Ксанка пыталась рассмотреть солнце, но его цвет опять померк и стал сначала серым, как зола, а потом затянулся чёрной вуалью.

Ксанка ещё несколько раз зажмуривала глаза. Её охватила паника.

Она вскочила на ноги, толкнула Эдуарда в грудь кулаком.

Тот даже с места не сдвинулся.

В первую их встречу они так и не сказали друг другу ни слова.
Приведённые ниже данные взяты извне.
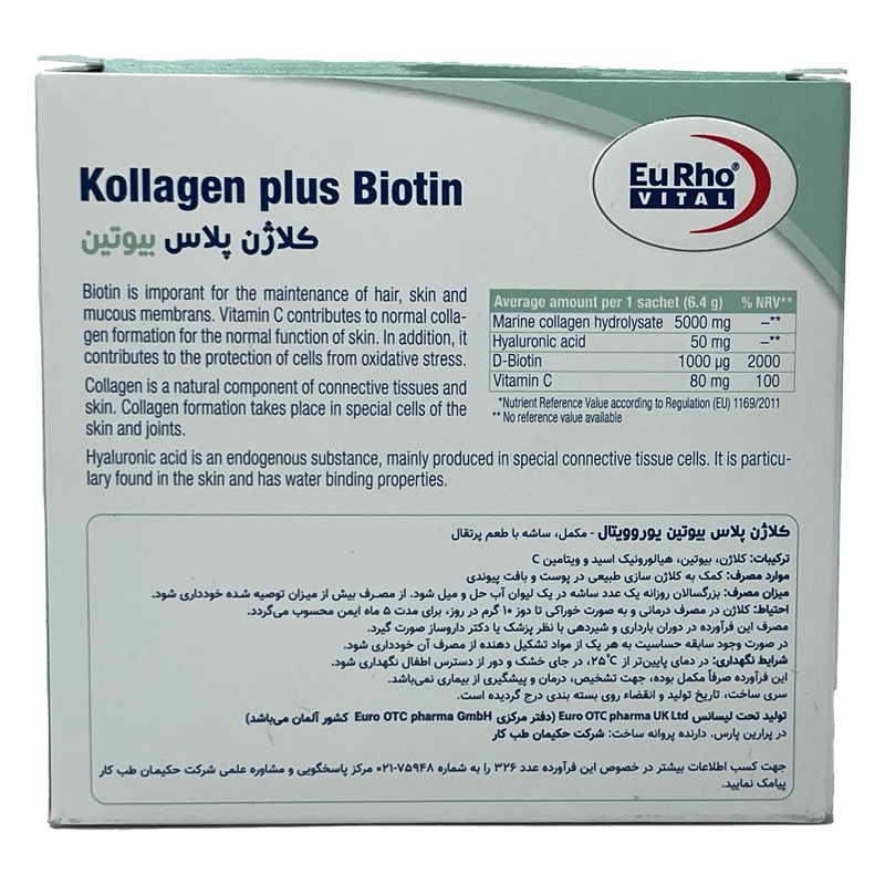 • هر جعبه از کلاژن پلاس بیوتین یوروویتال دارای 14 ساشه 6.4 گرمی می‌باشد.
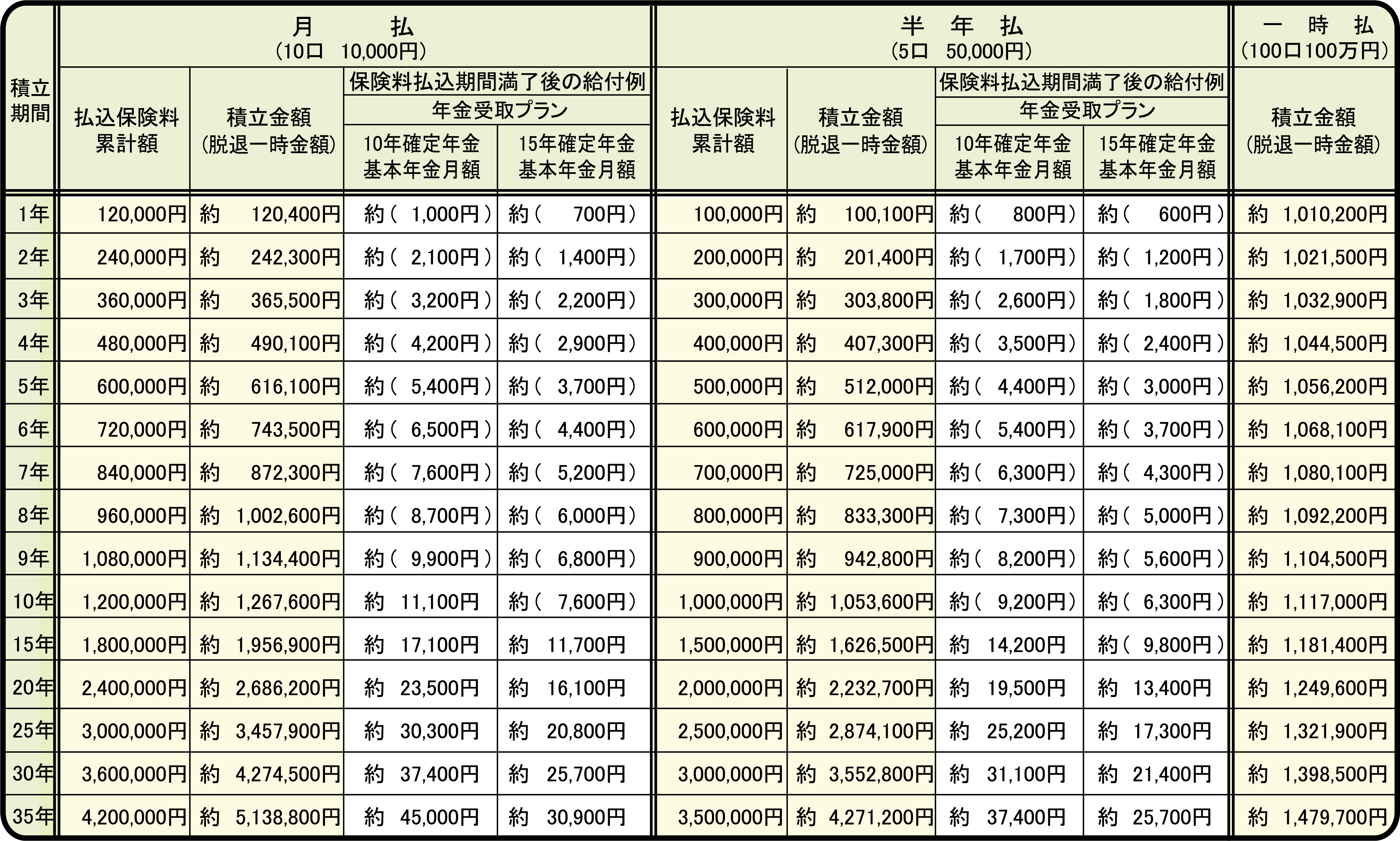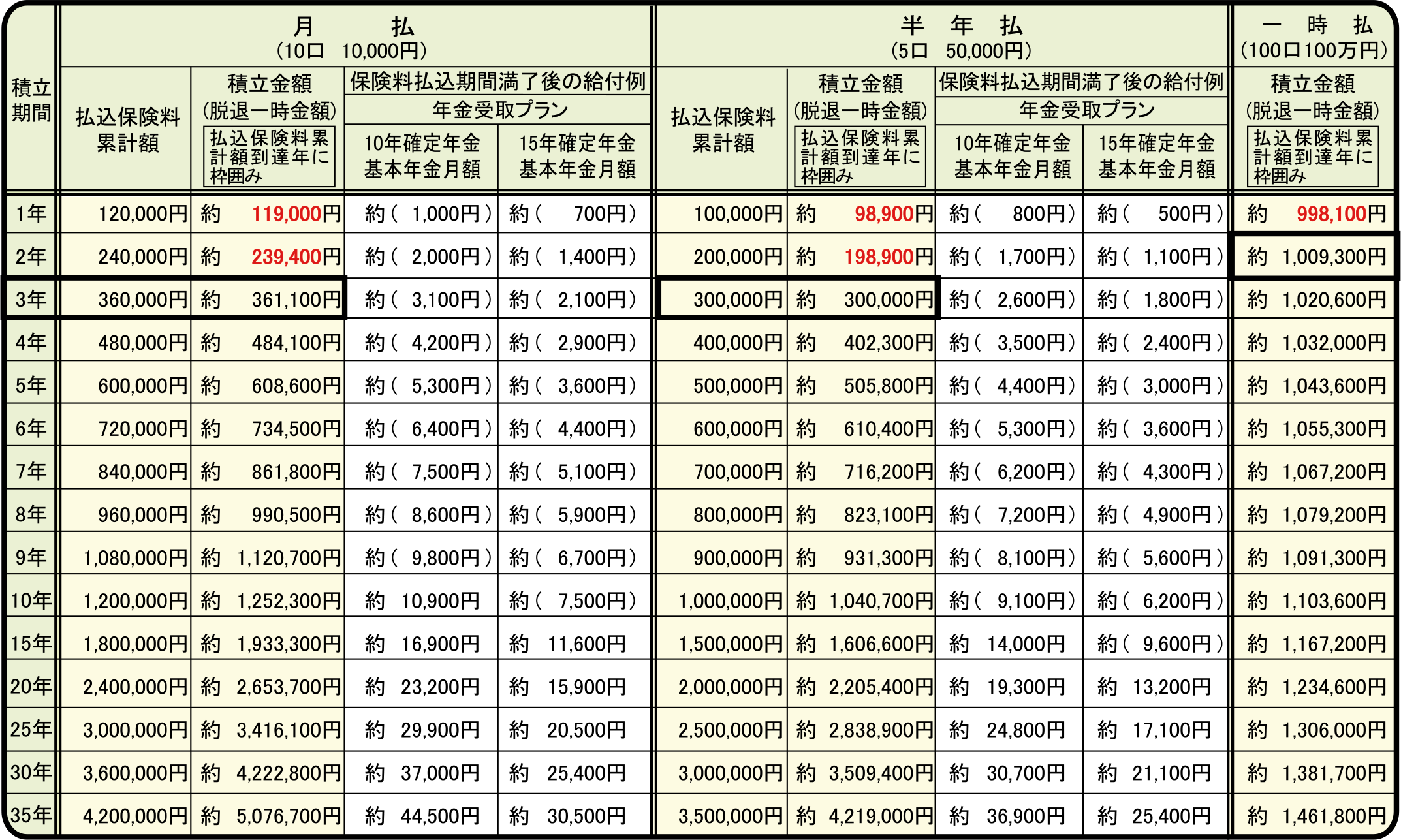 ◇月払10口 10,000円 半年払5口 50,000円 一時払100口 1,000,000円加入の場合

Ксанка спешила домой с разбитым сердцем.

В первую же ночь её стал раздражать Семён.

Ксанка потеряла сон.

Её тянуло после полуночи к окну. Она садилась и выглядывала, сама не зная кого.

Утром угрюмо смотрела на мужа, одевалась и уходила на работу.

От Зары всё скрыла.

Боялась, что Эдуард и до цыганки доберётся, и вновь придётся что-то предпринимать.

Не хотелось Ксанке опять скитаться.

Дни как будто стали короче. Работы прибавилось, словно коровы есть начали больше.

Ксанка со злостью чистила загоны, иногда шмыгая носом от неприятного запаха.

Она теперь каждый день ждала Эдуарда.

Он пришёл так же неожиданно, как в первый раз.

Ксанка подошла к нему и произнесла:

— Не сдох ещё?

— Жив! — воскликнул Эдуард. — Одними твоими молитвами жив. Твоими, матушки твоей, Вадима, Аськи… Ох, всех не перечислить, сколько людей добра мне желают.

Мужчина засмеялся.

Ксанка заплакала. Опять этот ненавистный смех заполнил всё вокруг.

— Что тебе от меня нужно? — спросила она сквозь слёзы.

— Вадим… Я его так и не нашёл. Он где-то рядом с тобой. Но тоже найти не может.

Но теперь сможет. Я тебя от мужа отвадил. Не забывай своего Вадима! Как же ты такую любовь заживо похоронила?

Ксанка ничего не ответила.

Единственным желанием было вернуться к тому обрыву. И…

Ксанка вздрогнула от этой мысли. Эдуард схватил её за волосы и прошипел:

— Да ты хоть в кипятке сварись… Не сдохнешь, пока Вадима мне не найдёшь.

Ксанка с ужасом смотрела в сумасшедшие глаза.